%%

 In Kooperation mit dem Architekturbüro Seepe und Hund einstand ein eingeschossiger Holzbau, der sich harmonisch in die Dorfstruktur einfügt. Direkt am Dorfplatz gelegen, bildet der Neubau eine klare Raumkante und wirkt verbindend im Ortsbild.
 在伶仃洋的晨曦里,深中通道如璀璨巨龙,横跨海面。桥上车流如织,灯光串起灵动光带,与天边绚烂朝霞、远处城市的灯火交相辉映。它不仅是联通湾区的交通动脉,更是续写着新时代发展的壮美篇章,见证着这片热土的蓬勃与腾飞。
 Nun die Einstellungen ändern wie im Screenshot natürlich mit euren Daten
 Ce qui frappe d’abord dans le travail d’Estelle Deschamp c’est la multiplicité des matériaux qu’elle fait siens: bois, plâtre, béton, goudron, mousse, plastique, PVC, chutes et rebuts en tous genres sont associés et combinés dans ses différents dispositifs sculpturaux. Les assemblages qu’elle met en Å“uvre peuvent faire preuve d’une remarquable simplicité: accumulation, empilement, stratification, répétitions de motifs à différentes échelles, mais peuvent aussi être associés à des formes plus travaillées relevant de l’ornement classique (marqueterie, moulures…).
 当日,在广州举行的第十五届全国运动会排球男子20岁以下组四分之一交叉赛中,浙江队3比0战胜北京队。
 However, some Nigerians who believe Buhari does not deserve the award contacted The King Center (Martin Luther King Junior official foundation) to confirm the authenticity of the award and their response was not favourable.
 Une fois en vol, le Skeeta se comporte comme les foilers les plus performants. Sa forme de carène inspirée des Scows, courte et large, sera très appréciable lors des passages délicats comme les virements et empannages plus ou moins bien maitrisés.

%%
%%

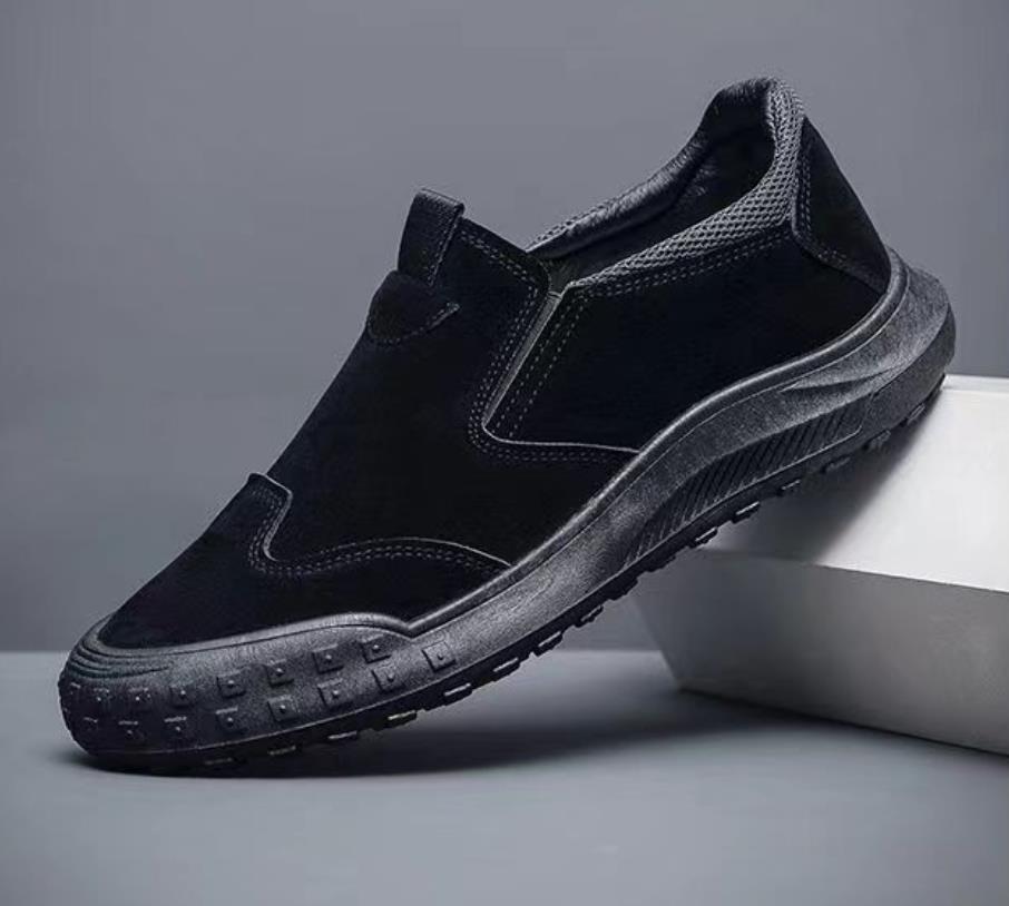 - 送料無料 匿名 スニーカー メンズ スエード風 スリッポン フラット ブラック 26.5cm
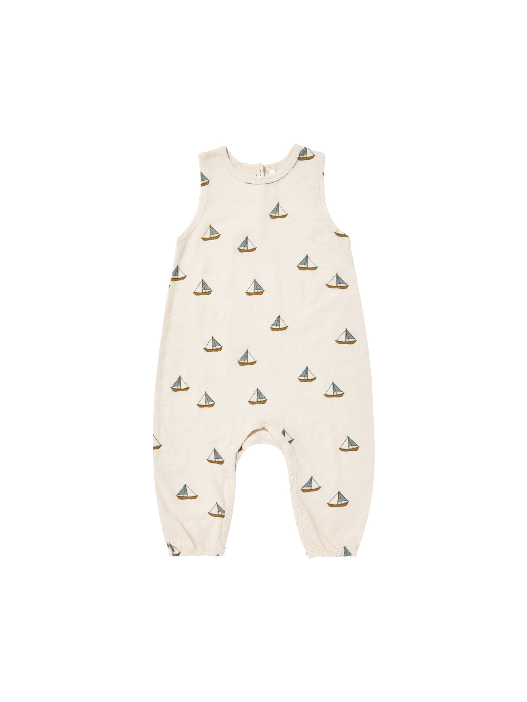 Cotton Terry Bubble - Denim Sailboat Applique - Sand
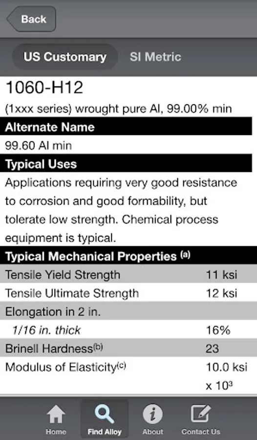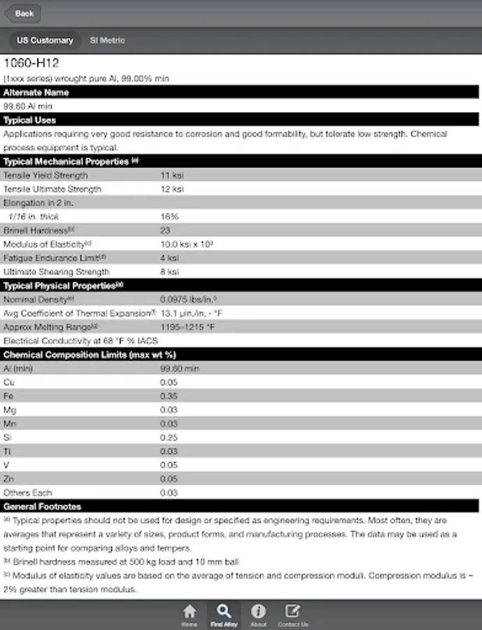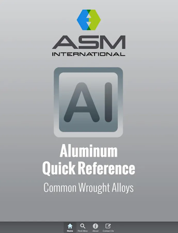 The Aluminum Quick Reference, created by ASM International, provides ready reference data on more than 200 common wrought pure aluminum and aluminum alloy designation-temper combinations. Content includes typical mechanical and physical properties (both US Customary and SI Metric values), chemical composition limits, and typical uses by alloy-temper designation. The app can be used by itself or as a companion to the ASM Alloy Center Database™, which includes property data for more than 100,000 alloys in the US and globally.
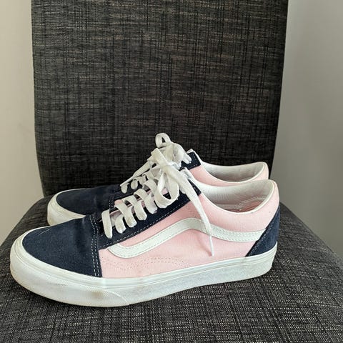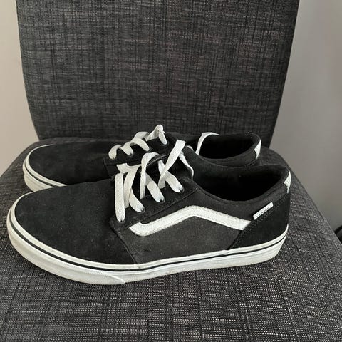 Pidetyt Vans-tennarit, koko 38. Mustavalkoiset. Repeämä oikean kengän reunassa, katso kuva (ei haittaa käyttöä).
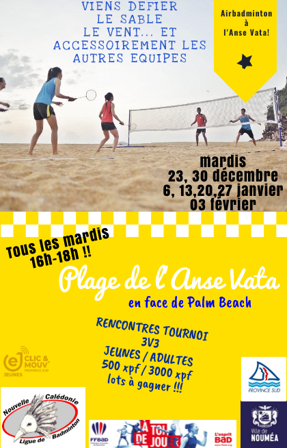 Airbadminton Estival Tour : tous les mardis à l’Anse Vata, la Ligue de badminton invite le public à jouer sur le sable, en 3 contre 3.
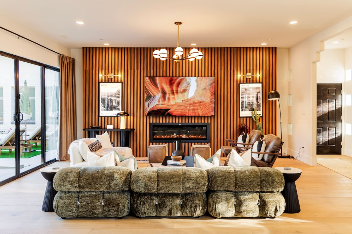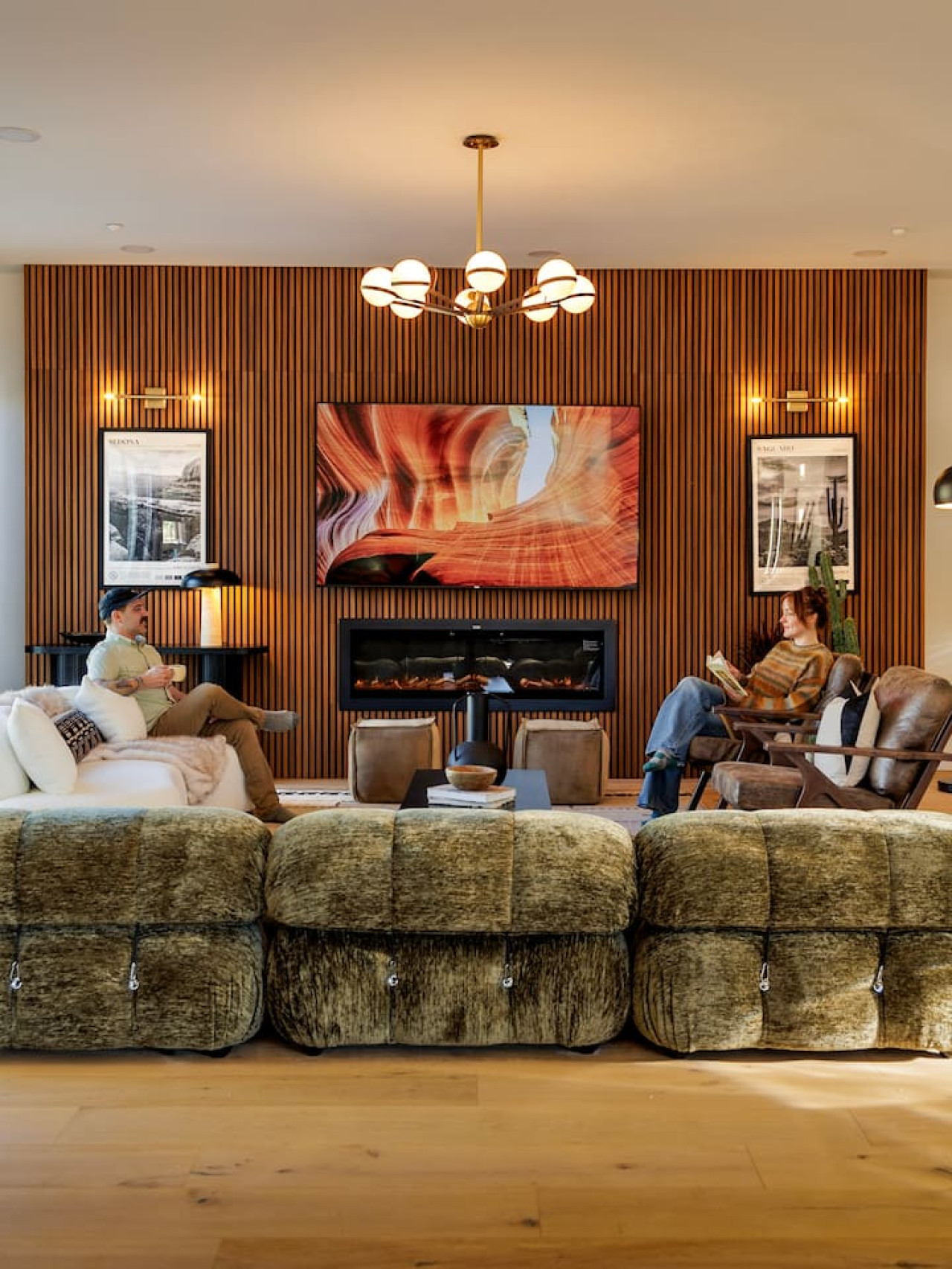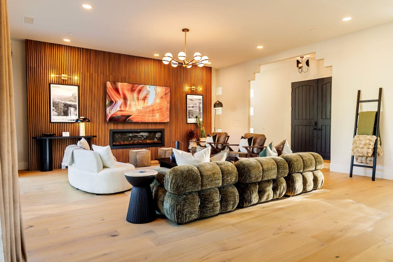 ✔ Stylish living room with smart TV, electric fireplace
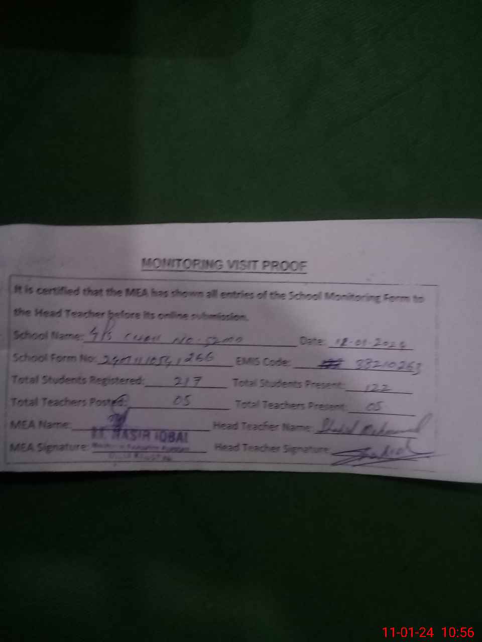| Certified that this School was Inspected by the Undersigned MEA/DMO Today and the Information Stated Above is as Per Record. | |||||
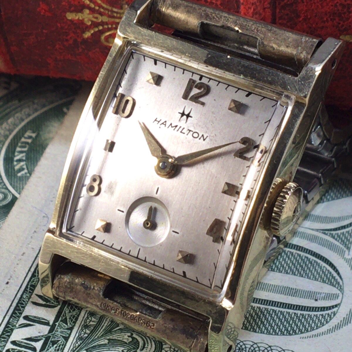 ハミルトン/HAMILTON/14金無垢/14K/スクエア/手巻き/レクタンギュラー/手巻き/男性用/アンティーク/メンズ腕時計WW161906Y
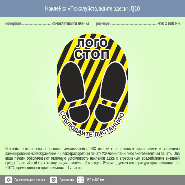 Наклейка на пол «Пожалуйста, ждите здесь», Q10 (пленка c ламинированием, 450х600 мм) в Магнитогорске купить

%%

TASK PROMPT>
What to print is the stretch of entries from the line with "ハミルトン/HAMILTON" up to and including the line with "Наклейка на пол". Please print it exactly and leave out the pictures.

EXERCISE RESPONSE>
 ハミルトン/HAMILTON/14金無垢/14K/スクエア/手巻き/レクタンギュラー/手巻き/男性用/アンティーク/メンズ腕時計WW161906Y
 Наклейка на пол «Пожалуйста, ждите здесь», Q10 (пленка c ламинированием, 450х600 мм) в Магнитогорске купить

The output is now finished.